10.
10.
По вызову заходили в кабинет директора. Вызвали меня, зашли с Марийкой. Директор сказал — муж и жена, и пригласил нас сесть. Мы сели у стены. Сидевший за приставным столом уткнулся носом в бумаги, потом сказал, что два места архитектора есть только в Кировограде.
— А как с жильем? — спросила Марийка.
— Получите комнату.
— А в Харькове?
— В Харькове... — снова нос в бумаги, — в Харькове осталось одно место архитектора, но есть еще места прорабов. Жилье не предоставляется.
Мы с Марийкой переглянулись.
— Кировоград? — спросил тихонечко. Марийка кивнула, и мы согласились на Кировоград.
Я подумал: не прошло и двух лет, как образована Кировоградская область, в Кировограде, конечно, будет новое строительство, и работа для нас найдется.
Наконец, можно смотаться в Крюков. Хотел оформить командировку, но вдруг Бугровский во всеуслышанье объявил, что меня сегодня к 6 часам вызывают в архив Гипрограда. Я встревожился. Если не могут найти съемку Крюкова, то, конечно, будут утверждать, что я ее не сдал, а за утерю секретных документов не помню сколько, но много лет тюрьмы, а по сути, наверное, — лагерей. И почему вызывают к определенному часу, да еще после окончания рабочего дня? Странно.
В архиве полумрак, горит только настольная лампа и поблескивают торцы металлических стеллажей. За столом сидят тот, кому я отдал съемку, и еще двое.
— Горелов?
— Горелов.
— Проходите и садитесь, — говорит тот, кому я отдал съемку. Эти товарищи хотят с вами поговорить. — Он уступил мне место в торце стола и ушел, захлопнув дверь.

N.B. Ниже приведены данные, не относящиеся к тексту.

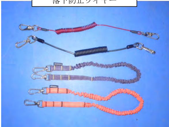
落下防止ワイヤー
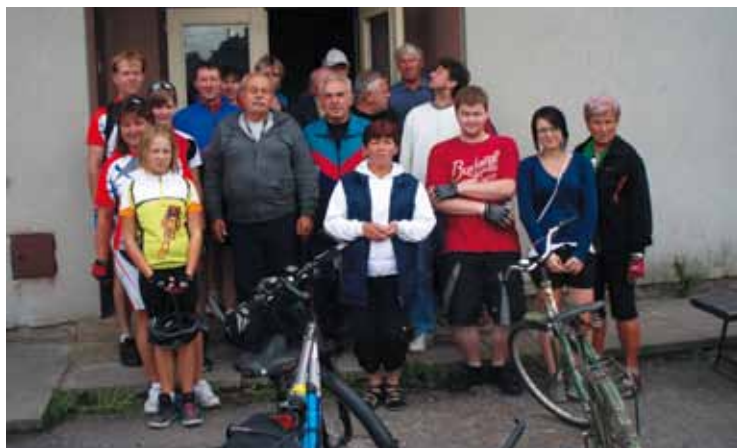
▲ Puchlovičtí cyklisté na jedné ze zastávek výletu na kolech.
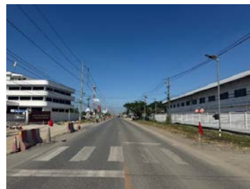
รูปเดือนธันวาคม ๒๕๖๘
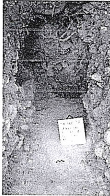
Figura 10. Op. 100SH saqueo esquina SO Trádico.
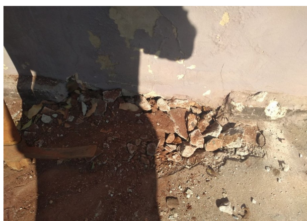
Interrupção no Ramal
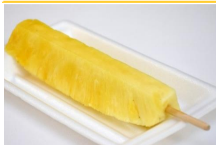
カットパイ 1ポイント
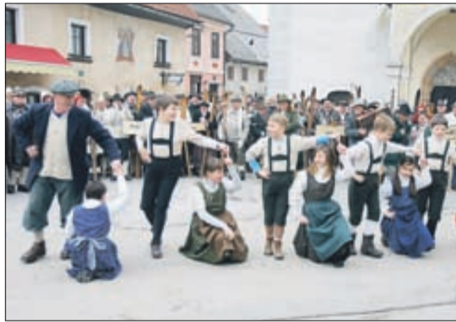
Otroci iz osnovne šole Cvetka Golarja so zaplesali na uvodni slovesnosti pred mednarodnim tekmovanjem smučarjev starodobnikov.
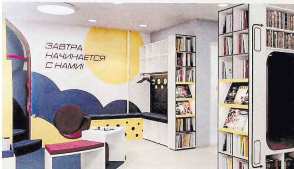
Так будет выглядеть зона выдачи детских книг после обновления библиотеки

Торжественное открытие запланировано на конец сентября этого года. Уверена, что посетители тоже будут в восторге, когда оценят перемены.
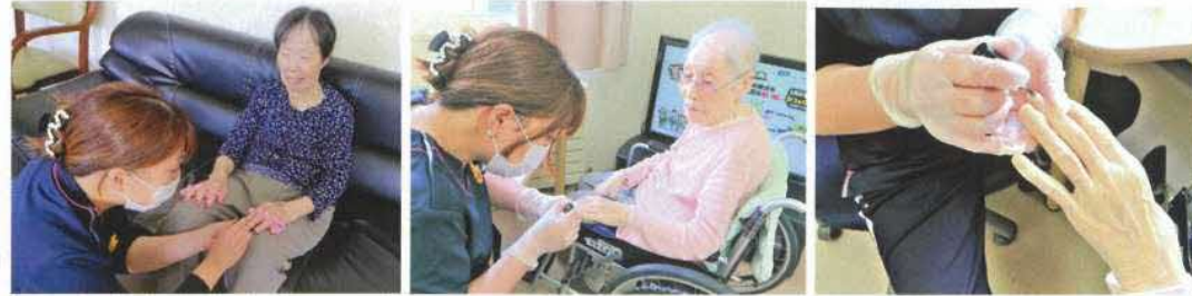
職員がネイリストになり、マニキュアを塗っていきます…
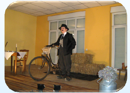
Après avoir été chez le dentiste, le grand écart !!!
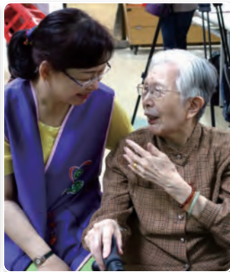
♥與長者們貼心的談天與按摩。

永達志工首發團 探訪淡水「 仁濟安老所」 四月二十六日，永達志工來到 「仁濟安老所」銀髮安養機構，包 含永達三十五位志工與協會十五位 志工，陪伴四十位長者。這群沒有 經驗的永達志工，難以掩飾心中的 興奮與緊張，小心翼翼的攙扶著長 輩們，以貼心的問候與親切的笑容 ，化解了陌生的距離感。

Когда замок щелкнул, сидевший у другого торца сказал:
— Мы из НКВД.
Они издали что-то показали, после чего сидевший в середине стола повернул лампу так, что ее яркий свет ударил мне в глаза. Я отвернул голову от света и услышал:
— Сядьте так, как сидели.
— Но мне свет режет глаза.
— Ничего, потерпите.
— Поверните лампу. Пока не повернете, я ни о чем с вами говорить не буду.
Не будете говорить здесь — заговорите в другом мосте. Трудно передать, что я ощутил: и возмущение, и злость, и беспомощность, и, конечно, страх.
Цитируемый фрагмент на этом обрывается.